According to the criminal complaint, on Friday, May 22, the couple had driven to Brooklyn Park to pick up their son from a friend’s home.
When they arrived at the home, they waited outside for their son. While waiting Knoble approached the car on the passenger side and demanded to know what they were doing in the neighborhood.
According to the Minnesota chapter of the Council on American-Islamic Relations, Knoble said the couple, who are Middle Eastern, looked “suspicious.” The wife was wearing a hijab in the car.
The criminal complaint states Knoble was yelling at the couple when the wife noticed she was holding some sort of gun. The husband identified it as a dark colored rifle.
The husband said to Knoble that they were only there to pick up their son and were willing to show her which house so that she would believe them.
Knoble continued to yell at the couple, and demanded the husband get out of his car. When he did, she pointed the rifle at his back.
According to the criminal complaint, she then ordered him to walk up to the address where he claimed his son was.

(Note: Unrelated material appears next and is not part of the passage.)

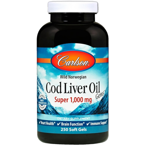 Carlson Labs Wild Norwegian Cod Liver Oil Gems, 1000mg - 250 softgels

As the came close to the door, the couple’s son walked out. He asked what was going on and Knoble in return asked if the boy knew the couple. The boy said they were his parents.
The complaint states that Knoble then apologized and explained she had only been holding a pellet rifle.
Officers later went to Knoble’s home where they found the pellet gun and smelled alcohol coming from her. She denied ever threatening the couple in the car.
Knoble is currently in jail on $40,000 bond.
“This incident raises questions about why a couple in their 50s sitting in their car in front of a family friend’s home was apparently profiled and threatened by a member of the neighborhood watch,” CAIR-MN executive director Jaylani Hussein said. “Law enforcement authorities should investigate a possible bias motive for this disturbing and potentially violent incident.”